What you will do — The whole listing, please: repeat it exactly, with the pictures left out.

Input data —

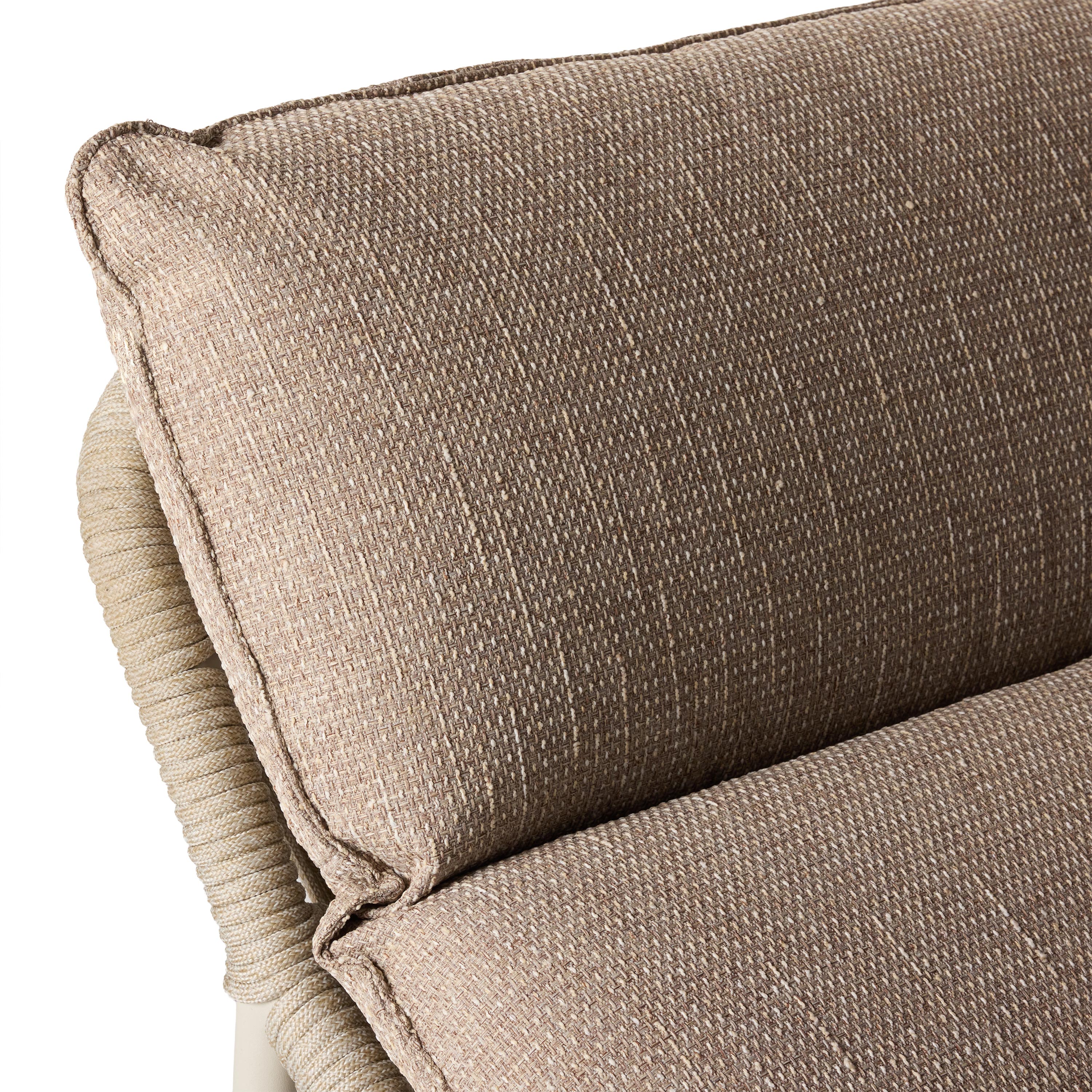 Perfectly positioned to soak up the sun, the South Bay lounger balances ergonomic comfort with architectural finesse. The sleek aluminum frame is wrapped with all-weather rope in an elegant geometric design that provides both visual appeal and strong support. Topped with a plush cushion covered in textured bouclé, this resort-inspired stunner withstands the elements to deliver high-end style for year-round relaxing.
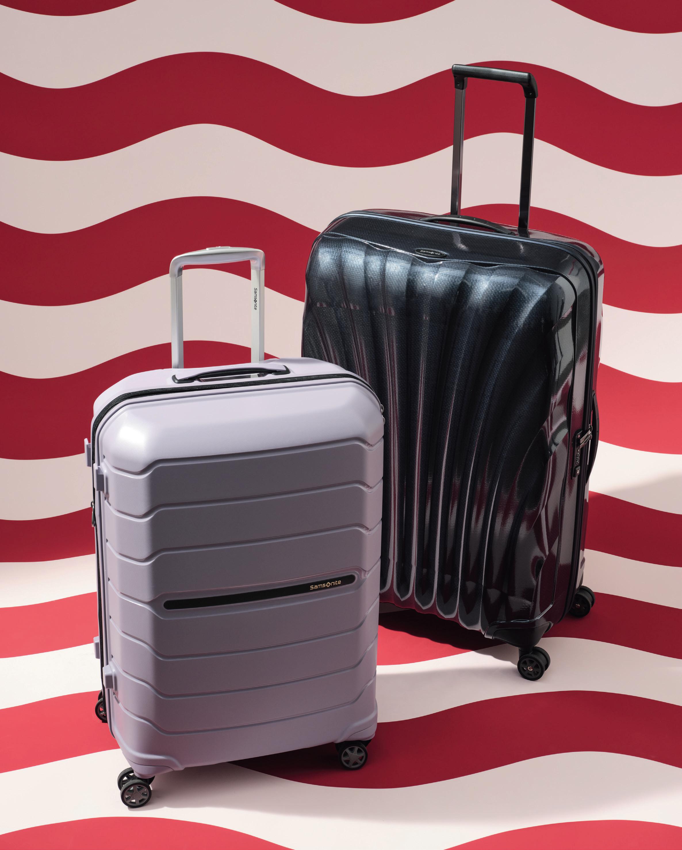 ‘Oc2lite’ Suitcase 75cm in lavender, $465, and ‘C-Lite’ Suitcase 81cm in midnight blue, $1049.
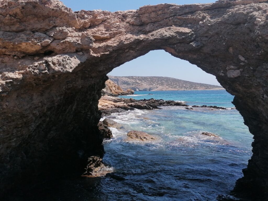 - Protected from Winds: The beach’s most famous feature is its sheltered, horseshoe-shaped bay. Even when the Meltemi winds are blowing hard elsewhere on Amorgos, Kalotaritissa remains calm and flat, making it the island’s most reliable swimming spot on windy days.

Exercise answer —
 Perfectly positioned to soak up the sun, the South Bay lounger balances ergonomic comfort with architectural finesse. The sleek aluminum frame is wrapped with all-weather rope in an elegant geometric design that provides both visual appeal and strong support. Topped with a plush cushion covered in textured bouclé, this resort-inspired stunner withstands the elements to deliver high-end style for year-round relaxing.
 ‘Oc2lite’ Suitcase 75cm in lavender, $465, and ‘C-Lite’ Suitcase 81cm in midnight blue, $1049.
 - Protected from Winds: The beach’s most famous feature is its sheltered, horseshoe-shaped bay. Even when the Meltemi winds are blowing hard elsewhere on Amorgos, Kalotaritissa remains calm and flat, making it the island’s most reliable swimming spot on windy days.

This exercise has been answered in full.